Because MRI uses powerful magnets, the presence of metal in your body may be a safety hazard or affect a portion of the MRI image. Before having an MRI, tell the technologist if you have any metal or electronic devices in your body, such as:
- Metallic implant and joint prostheses
- Artificial heart valves
- An implantable heart defibrillator
- A pacemaker
- Metal clips
- Cochlear implants
- A bullet, shrapnel or any other type of metal fragment
- History as metallic worker
If you have tattoos, ask your doctor whether they might affect your MRI. Some of the darker inks may contain metal.
Before you schedule an MRI, tell your doctor if you think you’re pregnant. The effects of magnetic fields on fetuses aren’t well-understood. Your doctor may recommend choosing an alternative exam or postponing the MRI.
It’s also important to discuss any kidney or liver problems with your doctor and the technologist, because problems with these organs may limit the use of injected contrast agents during your scan.
How you prepare
Before an MRI exam, eat normally and continue to take your usual medications, unless otherwise instructed. You will typically be asked to change into a gown and to remove things that might affect the magnetic imaging:
- Hearing aids
- Underwire bras
What can I expect before my MRI exam?
There is little preparation for an MRI exam. Take your daily medications as you normally would, unless instructed otherwise. There are few dietary restrictions for an MRI. For those exams, you will be notified of the requirements.
- Please arrive at least 30 minutes prior to your exam and check in with the receptionist. You will need to complete the MRI screening form.
- To eliminate possible MR safety issues, you will be asked to change into a hospital gown.
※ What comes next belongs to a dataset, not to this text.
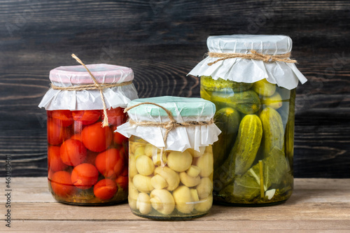 Homemade pickled cherry tomatoes, cucumbers, champignons, garlic, eggplant, red peppers in jars on wooden shelf Homemade canned and fermented foods concept Seasonal product

A locker/safe place will be supplied to secure your belongings.
- A technologist will verify your identification and the requested exam. Your screening form will be reviewed by the technologist in consultation with the radiologist if indicated. If MRI contrast is indicated for the exam, an IV catheter will be inserted in your arm by a nurse or technologist.
What can I expect during my MRI scan?
- The duration of the procedure will vary but the average is 45 minutes to one hour per body part.
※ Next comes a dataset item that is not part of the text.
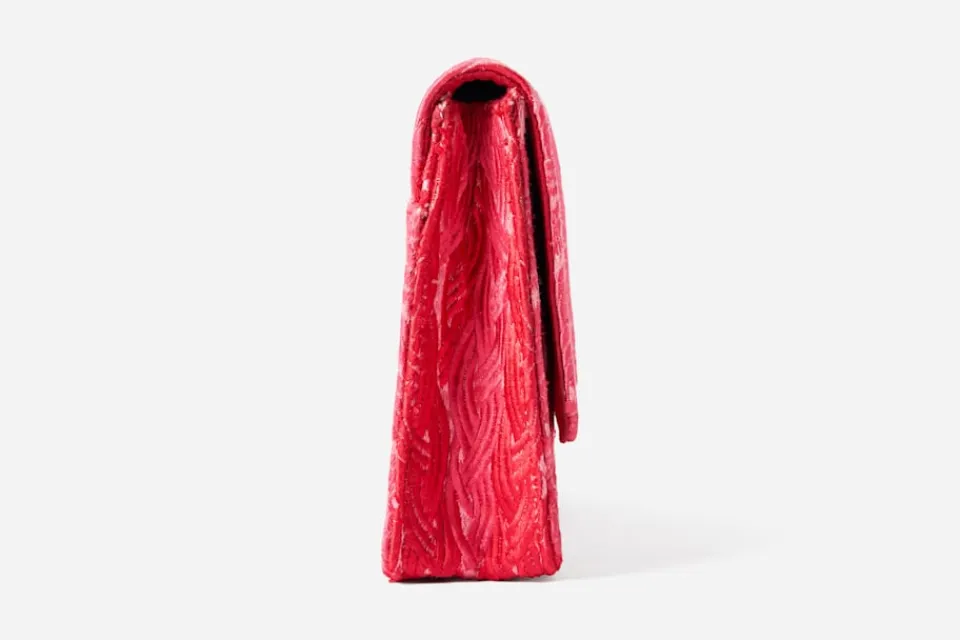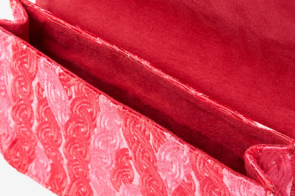 Kuvertväska skapad av formgivaren Sophia Edstrand. När hon för första gången reste till Jaipur i Indien, snubblade hon över den sällsynta broderiteknik som idag utmärker hennes feminina och fantasifulla skapande.

- You will be required to lie still during the actual MR scanning. Depending on the body part that is being examined, you may be instructed to hold your breath for up to 30 seconds.
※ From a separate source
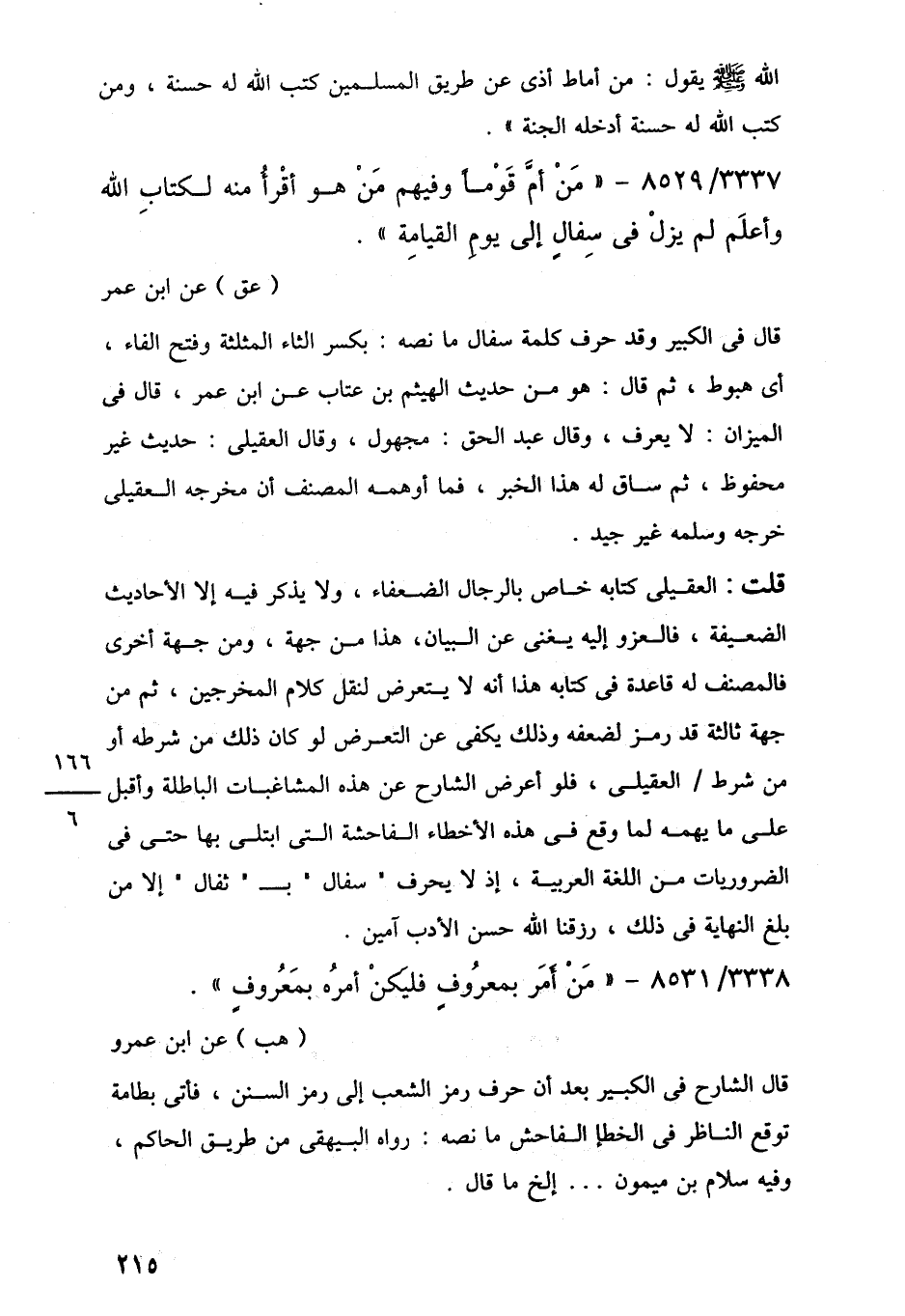 قلت: العقيلى كتابه خاص بالرجال الضعفاء, ولا يذكر فيه إلا الأحاديث الضعيفة، فالعزو إليه يغنى عن البيان، هذا من جهة، ومن جهة أخرى فالمصنف له قاعدة في كتابه هذا أنه لا يتعرض لنقل كلام المخرجين، ثم من جهة ثالثة قد رمز لضعفه وذلك يكفي عن التعرض لو كان ذلك من شرطه أو من شرط العقيلى، فلو أعرض الشارح عن هذه المشاغبات الباطلة وأقبل على ما يهمه لما وقع في هذه الأخطاء الفاحشة التي ابتلى بها حتى في الضروريات من اللغة العربية، إذ لا يحرف "سفال" بـ "ثفال" إلا من بلغ النهاية في ذلك، رزقنا اللَّه حسن الأدب آمين.

- The magnet is permanently open on both ends. It is well lit and there is a fan for patient comfort. There is also a two way intercom system for communication between patient and technologist. The part of the body being scanned will be placed in the middle of the magnet.
- During the actual imaging, you will hear a loud intermittent banging noise. You will be provided with earplugs or head phones to minimize the noise during the procedure.
- The technologist will also provide you with an alarm button to alert the technologist of any discomfort you may experience at any point during the MRI exam.
- Some MRI exams require an injection of intravenous MRI contrast. Inform the technologist if you experience any discomfort during the injection.
What can I expect after my MRI scan?
- If a dye injection is used, the IV line is removed from the arm before you go home.
- Allergic reaction from gadolinium dye is extremely rare. However, if you experience symptoms such as rash, hives, or shortness of breath, you should notify the technologist immediately if you are still at the imaging facility, or call your doctor or go to the nearest hospital if you have already left the imaging facility.
- In the event that sedation is needed (such as for claustrophobia), you will be sent home once awake and alert. If you receive sedation, someone must drive you home.
A doctor specially trained to interpret MRIs (radiologist) will analyze the images from your scan and report the findings to your doctor. Your doctor will discuss any important findings and next steps with you.